26.10.2020
Genç adam gözlerini açtığında daha önce hiç görmediği bir adanın kumlarında yatıyordu. Etrafına baktığında yanında iki kişinin daha olduğunu gördü. Ayağa kalkıp ensesini kaşıdı. En son ne olmuştu?
Uçak düşerken yanına iki kişi gelmişti ve içlerinden bir tanesi "Kaçalım buradan!" diye bağırmıştı.
Sonuç olarak birlikte denize düşmüşler ve en yakın adaya kadar yüzmüşlerdi. Gerisini hatırlamıyordu, kıyıya ulaştıklarında uyuya kalmış olmalılardı.
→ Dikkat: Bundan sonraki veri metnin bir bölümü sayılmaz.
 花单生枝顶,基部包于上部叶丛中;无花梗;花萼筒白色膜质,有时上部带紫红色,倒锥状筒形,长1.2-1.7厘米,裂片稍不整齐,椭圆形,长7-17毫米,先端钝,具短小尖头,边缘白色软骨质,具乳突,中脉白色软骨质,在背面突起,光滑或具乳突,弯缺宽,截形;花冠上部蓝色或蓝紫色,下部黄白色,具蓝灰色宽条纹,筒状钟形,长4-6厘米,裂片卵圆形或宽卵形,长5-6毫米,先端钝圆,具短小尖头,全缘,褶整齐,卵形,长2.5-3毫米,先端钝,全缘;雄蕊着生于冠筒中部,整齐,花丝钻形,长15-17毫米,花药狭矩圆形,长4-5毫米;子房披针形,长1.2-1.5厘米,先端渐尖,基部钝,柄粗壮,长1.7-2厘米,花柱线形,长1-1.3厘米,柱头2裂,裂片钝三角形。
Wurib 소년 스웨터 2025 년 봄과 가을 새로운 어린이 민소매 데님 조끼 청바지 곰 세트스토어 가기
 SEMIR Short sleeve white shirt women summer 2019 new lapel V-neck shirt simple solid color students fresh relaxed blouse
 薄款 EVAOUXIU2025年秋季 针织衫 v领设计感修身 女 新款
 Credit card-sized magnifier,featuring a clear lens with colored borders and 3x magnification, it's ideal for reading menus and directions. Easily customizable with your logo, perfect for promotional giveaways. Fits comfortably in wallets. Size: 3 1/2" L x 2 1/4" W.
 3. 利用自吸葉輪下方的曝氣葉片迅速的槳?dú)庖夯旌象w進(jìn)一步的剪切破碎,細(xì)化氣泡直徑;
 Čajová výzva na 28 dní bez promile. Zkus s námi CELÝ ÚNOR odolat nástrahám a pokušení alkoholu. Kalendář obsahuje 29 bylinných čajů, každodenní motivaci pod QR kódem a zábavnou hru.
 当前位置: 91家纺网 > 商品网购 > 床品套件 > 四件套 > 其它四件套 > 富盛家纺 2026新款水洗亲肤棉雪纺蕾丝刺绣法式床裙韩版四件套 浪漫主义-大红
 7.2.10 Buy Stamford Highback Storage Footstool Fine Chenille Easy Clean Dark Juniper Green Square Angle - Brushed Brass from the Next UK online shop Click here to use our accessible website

Uyuyan gençlerin yanına gidip onları dürtmeye başladı. Birisi gözlerini açıp ona baktı, daha sonrasında yanındakini dürttü "Ne var Seokjin? Bir uyutmadın!"
"Uyansana geri zekalı!" dedi Seokjin.
"Gerizekalı senin anandır." dedi yanındaki adam uyumaya devam ederken.
"Lan anamın ne suçu var!" dedi Seokjin sinirle.
"Seni doğurmuş yetmez mi?" göz devirdi Seokjin.
"Uyan artık, çıldırtma beni!" Genç adam bıkkınlıkla gözlerini açtı "Uyandım oldu mu?"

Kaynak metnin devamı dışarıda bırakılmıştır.